Однажды Уиллард Холмс, наш заместитель директора, шел на работу и случайно заметил, что один из гранитных блоков на фасаде здания стоит наискосок. Оказалось, что при строительстве здания Бройера были предусмотрены подвесы из нержавеющей стали для крепления каменной навесной стены к зданию. По какой-то причине вместо них была использована оцинкованная сталь, которая начала ржаветь. Если бы Уиллард не заметил этого, здание могло бы рухнуть.
Мы немедленно возвели строительные леса и осмотрели все поближе. Мы узнали, что нам придется заново облицовывать весь музей. Пришлось заново открывать оригинальную каменоломню, чтобы добыть подходящий гранит.
Кризис возобновил дискуссию о расширении компании в новые кварталы.
Все хотели переехать в центр города - все, кроме меня. Я не хотел, и не только потому, что мое сердце, душа и деньги покоились в здании Breuer, но и потому, что я беспокоился о поиске нового электората.
В то же время исследование, проведенное по заказу McKinsey, показало, что нам будет сложно удержать аудиторию в верхней части города. Верхний Ист-Сайд становился все более степенным; в то же время район Митпэкинг, куда мы собирались переехать, начал оживать благодаря возрождению Хай-Лайна. Бутики, которые когда-то располагались на Мэдисон-авеню, уходили на юг, а торговцы произведениями искусства перебирались в Челси. Нам нужно было быть там.

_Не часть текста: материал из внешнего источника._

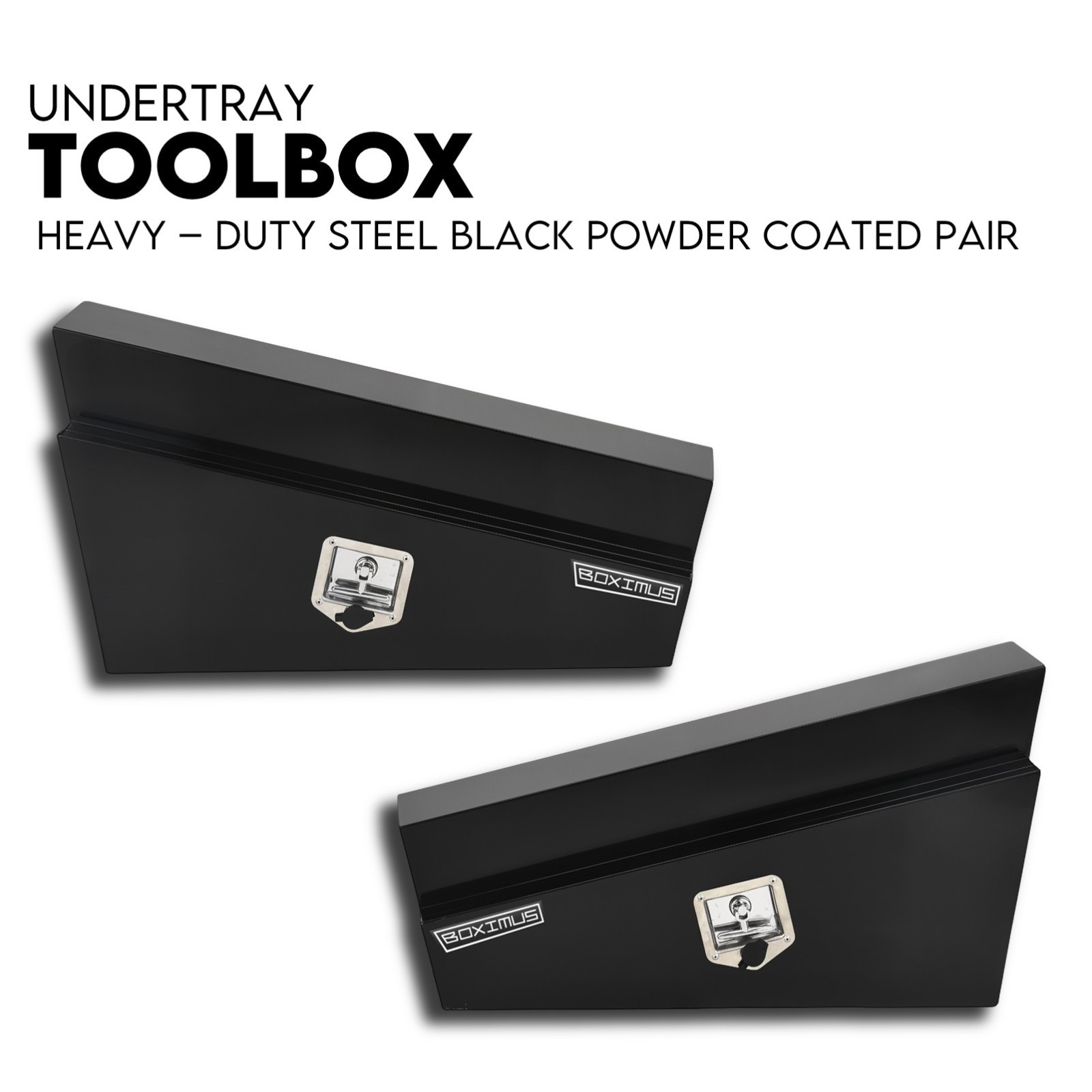 Under Tray Tool Box Underbody Pair Set 900mm Black Steel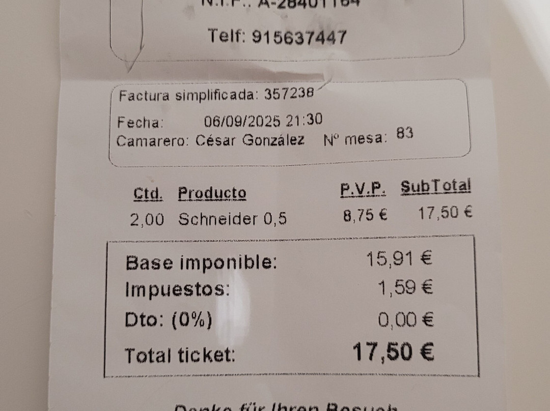 马德里排名第 2,821 的餐厅(共 13,127 个)
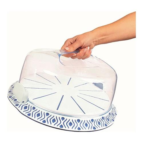 Elegante portatorte con piatto dalla presa ergonomica e decorato con inserti in colore tortora o palace blu. La cupola trasparente comprende una solida maniglia e due clip incorporate per una grande sicurezza nel trasporto e massima conservazione per tutte le vostre creazioni. Il vassoio ha diametro interno da 31 cm, con la suddivisione degli spicchi, per ottenere una fetta prefetta per i vostri dolci. Ideale per torte o anche prodotti salati
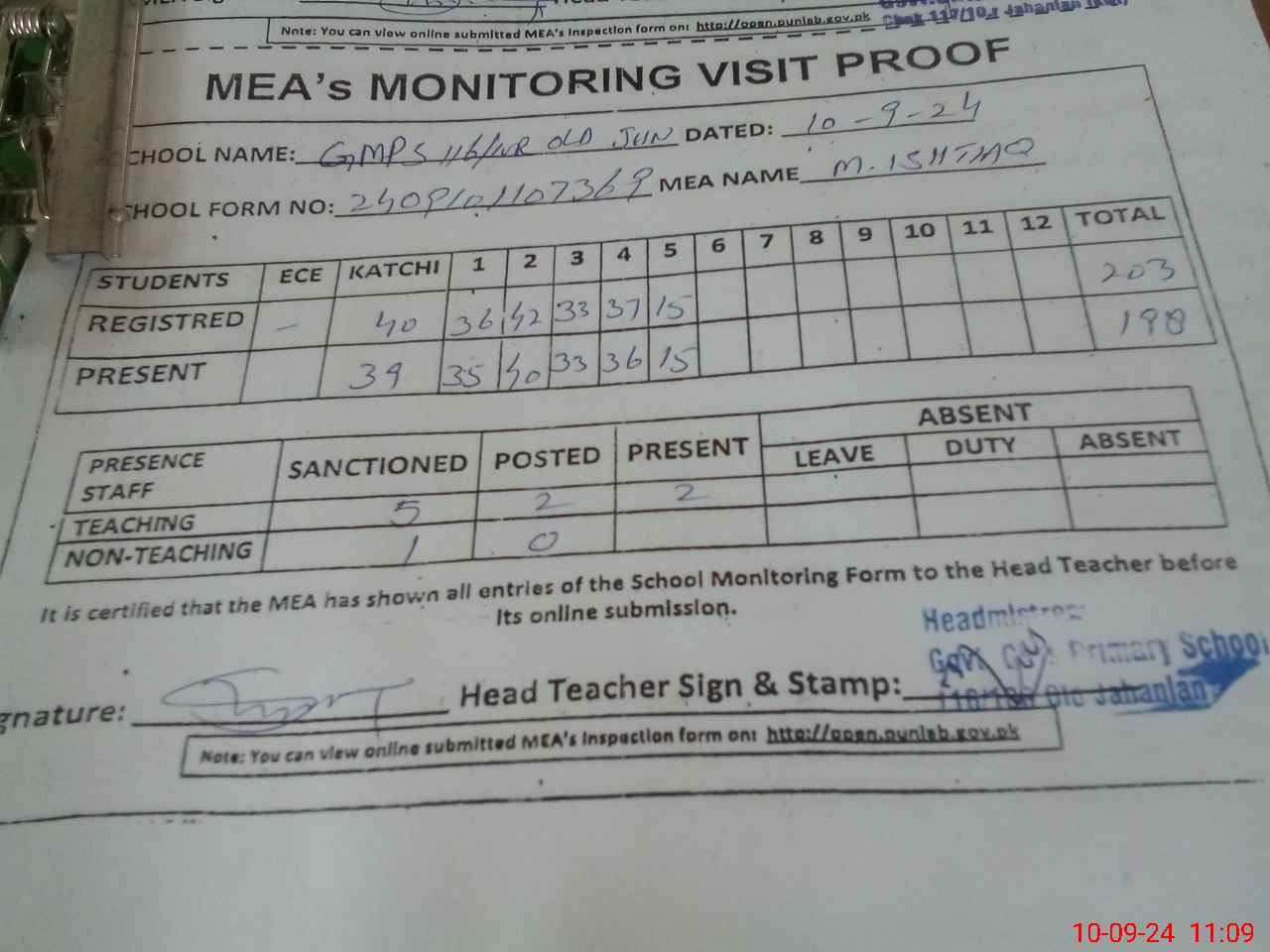 | Certified that this School was Inspected by the Undersigned MEA/DMO Today and the Information Stated Above is as Per Record. | |||||
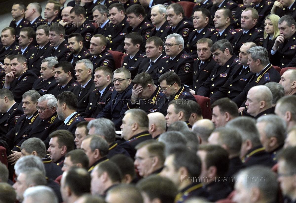 Коллегия МВД с участием президента России Владимира Путина в здании Министерства внутренних дел России.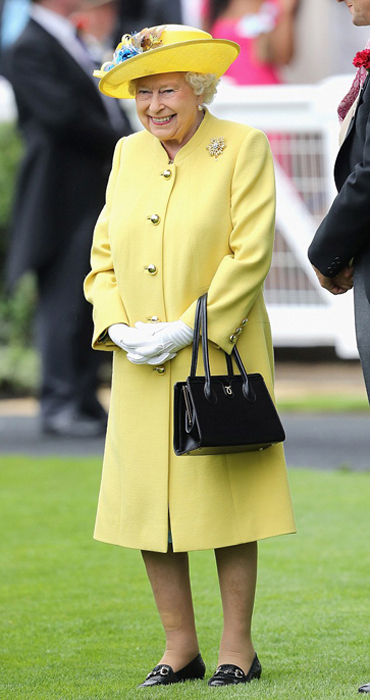 При любой погоде и при любой встрече у королевы имеется при себе аккуратная сумочка.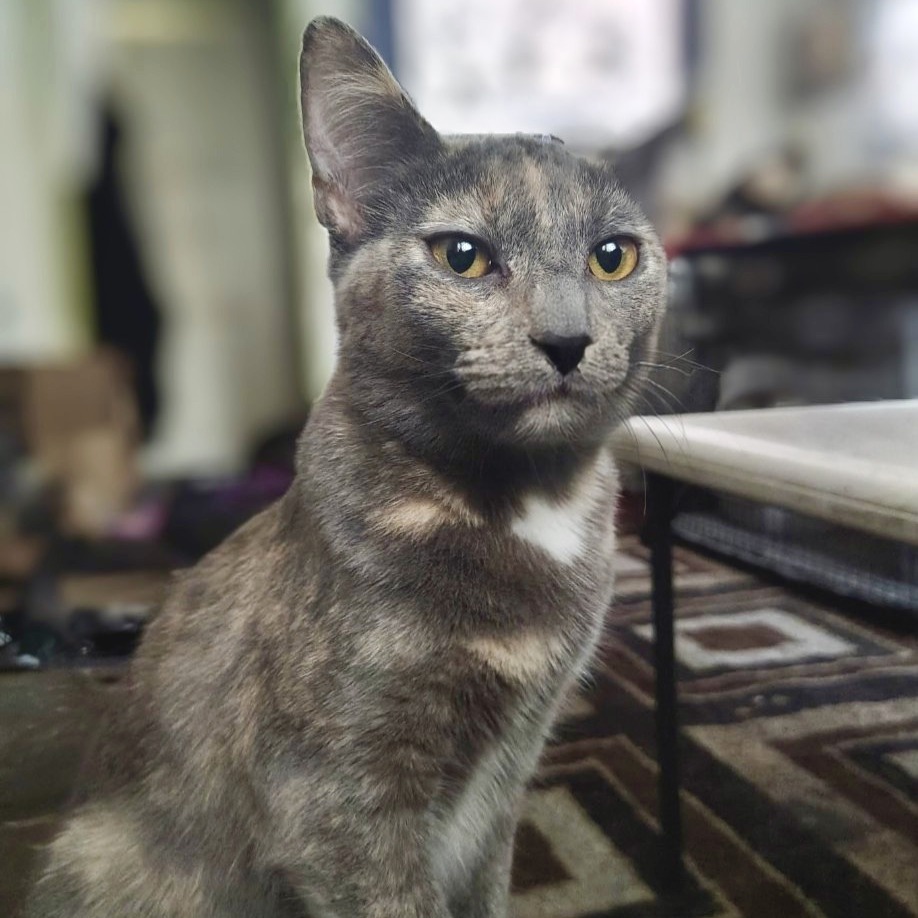 Luna and her siblings were rescued as kittens and have grown into a happy, social, and loving little crew. Luna, Stella (KRLA-A-86149), and Celeste (KRLA-A-86148) are beautiful diluted tortie sisters, each with their own unique coloring and personality, and Saturn (KRLA-A-86232) is their handsome tabby brother and Cosmo (KRLA-A-86150) their sleek black panther brother. These siblings are everything you could hope for - playful, affectionate, and full of personality. They love to chase toys, wrestle with each other, and explore their surroundings. When they’re not busy playing, they enjoy cuddling up together or curling up on their humans for a cozy nap. Because they were raised together and are so well-socialized, they thrive on feline companionship. They take comfort in having a buddy to play with, groom, and snuggle, and for that reason, they must be adopted into a home with an existing playful, friendly cat or they can be adopted with one of their siblings. These siblings will bring so much joy, energy, and love into the right home. Whether you’re looking to adopt a pair or add a playful companion to your current kitty, they are sure to make a joyful addition to your family. If you’re ready to welcome playful, loving companionship into your home, schedule a meet and greet and come meet these sweet siblings! Please contact the foster at gerardoocampotnr@gmail.com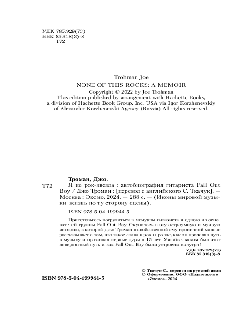 💳 Оплатить за товар можно при получении 🇰🇿 Есть бесплатная доставка по Казахстану от 1 дня 🎁 Копите бонусы с каждой покупки Серия: Иконы мировой музыки: жизнь по ту сторону сцены Приготовьтесь погрузиться в мемуары гитариста и одного из основателей группы Fall Out Boy! |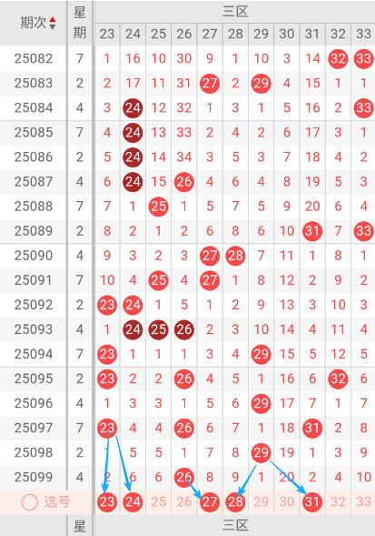 根据走势图可以看出当前区,089期开出了31.33二个号码球,090期开出了27.28二个号码球,091期开出了25.27二个号码球,093期开出了24.25.26三个号码球,094期开出了23.29二个号码球,095期开出来23.26.32三个号码球,096期开出了29一个号码球,097期开出了23.26.31三个号码球,098期开出29一个号码球 ,099期开出26一个号码球 ,按照如此规律判断本期当前区可能开出1双1单或2单。我们看下当前区上期没有开出重叠号,那么本期当前区要定重叠号的情况下可关注26码球。再看下当前区上期没有开出斜连号,当期选号得留意27斜连号。本区重点关注23.24.27.28.31

Я знал, что не могу провести остаток своего срока в роли вечного "нет человека". Я пришел на заседание совета директоров и сказал: "Если вы проголосуете за переезд в центр города, я буду голосовать вместе с вами, чтобы мы могли сделать это единогласно. И я не только сделаю первый, но и последний подарок, чтобы убедиться, что у здания достаточно средств для поддержания жизнеспособности". Встреча закончилась объятиями и поцелуями.
Я умею проигрывать, но, как оказалось, я еще и победитель.
Мой дар стал одним из самых крупных пожертвований за всю историю Уитни. Но еще лучше то, что этот дар стал первым, который побудил других попечителей Уитни сделать щедрые пожертвования на проект в центре города.
Новое место показало нам, что у нас есть возможность создать "новый музей в новом городе" - "новый город", включающий центр Манхэттена, где было жарко, жарко, жарко, Бруклин, Квинс и Нью-Джерси, расположенные рядом или соединенные общественным транспортом. С тех пор я советую не ограничиваться теми программами, которые мы делали в центре города, а быть достаточно смелыми, чтобы соответствовать нашему новому дому и району.
Посещаемость была просто потрясающей.
Наш новый дом на Гансворт-стрит, 99, спроектированный Ренцо Пьяно, открылся 1 мая 2015 года. К моему удивлению - и я не скромничаю - Уитни оказал мне честь, назвав его зданием Леонарда А. Лаудера. Такой чести я не ждал. На самом деле я хотел, чтобы кто-то пожертвовал 100 миллионов долларов в фонд в обмен на право присвоения имени. Меня всегда больше интересовало долголетие институций, чем слава моего имени на здании.
Я глубоко тронут этой честью, но слава преходяща. Обеспечение того, чтобы любимый и ценный институт продолжал существовать - и продолжал быть актуальным, - вот что действительно важно.
Что приводит меня к обещанной передаче в дар моей коллекции кубизма.
ПРЕОБРАЗОВАНИЕ МЕТА
Как я уже упоминал ранее (в главе 17), я всегда собирал коллекции с намерением передать их в музеи. Я всегда был заинтересован в сохранении, а не в обладании; в том, чтобы делиться искусством, которое мне посчастливилось накопить, а не накапливать его для личного удовольствия.
Я хотел отдать свою коллекцию кубизма в крупный музей. На то, чтобы решить, какому именно, ушло три года. В процессе я все больше уточнял свои критерии: это не могло быть мгновенным решением.
Для меня были важны следующие моменты: музей, с которым у меня сложились личные или долгосрочные отношения; место, с которым у меня есть связь; крупное учреждение, обладающее несомненной финансовой надежностью и ответственностью совета директоров. Самое главное, я не хотел просто найти дом для коллекции. Я хотел найти музей, который мог бы преобразиться благодаря пополнению этой коллекции.
Когда пришло время, я обратился в музеи, чтобы узнать, что они собираются делать с коллекцией. Я не хотел начинать войну на торгах; я просто хотел услышать, что они скажут. Я решил, что не буду выдвигать требований: "Вот мои требования". Вместо этого я попрошу сделать предложения: "Зная свою коллекцию, я хотел бы услышать, что вы собираетесь с ней делать". Задавать вопросы и слушать, как реагируют музеи, было ключевым моментом. Это многое показало мне о том, как функционируют эти учреждения.